Era uno spettacolo frastornante, a cui i soccorritori non erano minimamente preparati. “Devi intervenire su un edificio alto centodieci piani, e di colpo non c’è più niente”, dichiarò uno di loro nel documentario 9/11. “Non trovi scrivanie, non trovi sedie, non trovi computer. Il pezzo più grande che sono riuscito a trovare era un frammento di telefono, ed era un tastierino grosso così. Un intero grattacielo si era trasformato in polvere”. Era disorientante. “Come si fa a trovare qualcuno, in mezzo a questa roba?”. Accantonata rapidamente la speranza di trovare superstiti tra le macerie, sembrava utopia persino la possibilità di recuperare i cadaveri.

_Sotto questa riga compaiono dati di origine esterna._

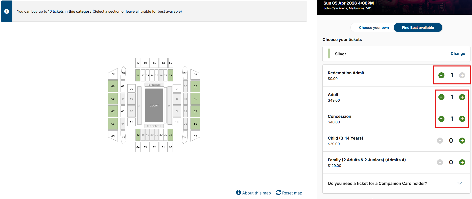 Select redemption option and add additional tickets to your cart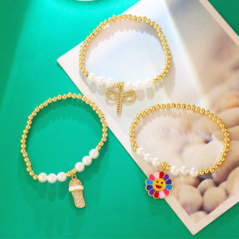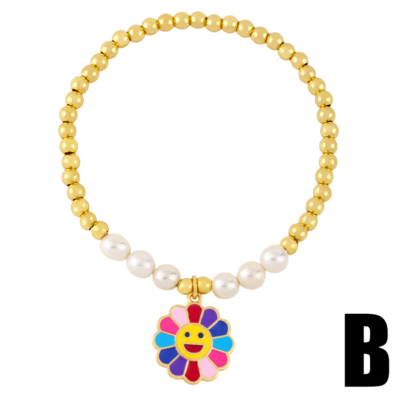 Clearance European and American new jewelry color sunflower sunflower smiley face pearl bracelet beaded bracelet female brd82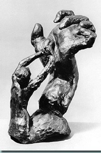 Clenched Left Hand with Figure portrays an afflicted hand in a threatening pose; however, Rodin adds a symbolic element that alters the interpretation. The contorted hand towers over a small figure, suggesting a powerful force or dominance. Rodin often combined his sculptural sketches with other figures to create assemblages with highly symbolic content (description and photo from the Cantor Foundation)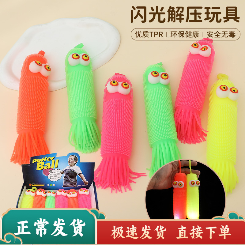 夜市のキラキラ光る露店の子供のおもちゃの卸売りの突目のタコの毛虫の電子の漫画は毛のボールを発散します。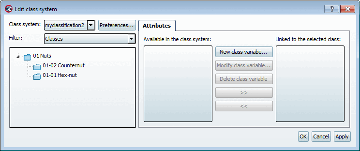 Create your own class system. See Section 5.12.12, “Create or edit your own class system ”. In the example in hand only one class and two subclasses have been created.

Era qualcosa che lasciava sgomenti. Ne parlarono, nei giorni immediatamente successivi all’11 settembre, non solamente i soccorritori disorientati, ma anche i newyorkesi che non riuscivano a capacitarsi di cosa fosse accaduto alla loro città. Certo, razionalmente c’erano dei punti fermi: s’era stati vittima di un attacco terroristico che fino a quel momento nessuno avrebbe ritenuto possibile, ovviamente; s’era dovuto assistere inermi al crollo di due edifici e alla morte tragica di tutti coloro che ci si trovavano dentro. Ma la cosa veramente straniante, quella di cui molti newyorkesi dichiararono di non riuscire a capacitarsi in termini razionali, era proprio quella polvere. Quella polvere dappertutto. Come se due grattacieli si fossero tutto d’un colpo dissolti; come se la materia stessa si fosse annientata in un fenomeno che, a molti newyorkesi, parve veramente ai limiti della fisica. Non s’era mai visto nulla di simile.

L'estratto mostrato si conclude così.